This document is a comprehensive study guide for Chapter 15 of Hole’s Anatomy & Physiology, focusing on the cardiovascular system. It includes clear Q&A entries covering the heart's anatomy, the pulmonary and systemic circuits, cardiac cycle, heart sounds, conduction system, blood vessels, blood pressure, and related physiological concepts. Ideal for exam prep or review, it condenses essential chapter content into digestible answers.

---

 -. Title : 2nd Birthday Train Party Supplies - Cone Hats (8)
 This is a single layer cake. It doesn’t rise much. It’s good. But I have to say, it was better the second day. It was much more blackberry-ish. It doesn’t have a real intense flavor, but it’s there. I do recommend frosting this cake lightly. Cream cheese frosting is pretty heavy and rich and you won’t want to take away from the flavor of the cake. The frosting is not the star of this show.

--

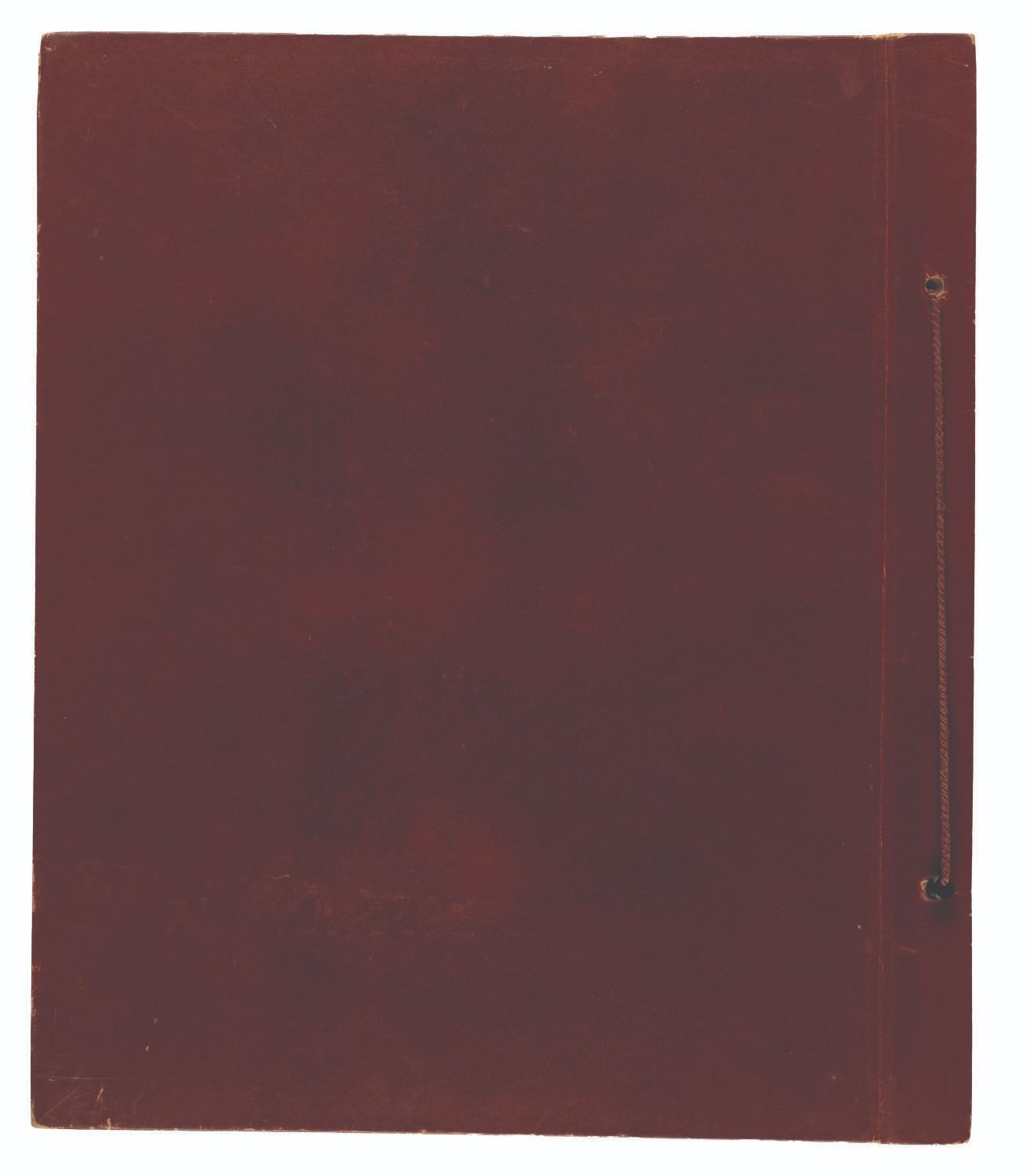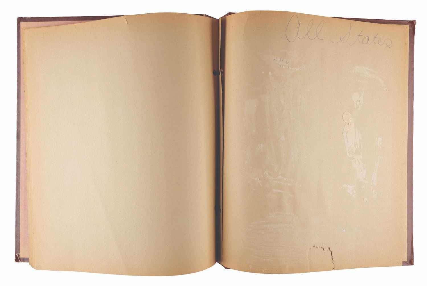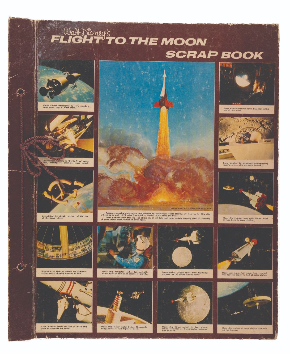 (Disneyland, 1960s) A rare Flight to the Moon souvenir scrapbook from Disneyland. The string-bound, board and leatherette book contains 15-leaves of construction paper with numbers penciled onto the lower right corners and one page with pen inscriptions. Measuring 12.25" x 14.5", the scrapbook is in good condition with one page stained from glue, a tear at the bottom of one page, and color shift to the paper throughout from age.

WHAT YOU NEED TO DO. Give back exactly the lines above, from the line containing "-. Title : 2nd" through the line containing "This is a single", with both end lines and nothing more.

REPLY TO THE TASK.
 -. Title : 2nd Birthday Train Party Supplies - Cone Hats (8)
 This is a single layer cake. It doesn’t rise much. It’s good. But I have to say, it was better the second day. It was much more blackberry-ish. It doesn’t have a real intense flavor, but it’s there. I do recommend frosting this cake lightly. Cream cheese frosting is pretty heavy and rich and you won’t want to take away from the flavor of the cake. The frosting is not the star of this show.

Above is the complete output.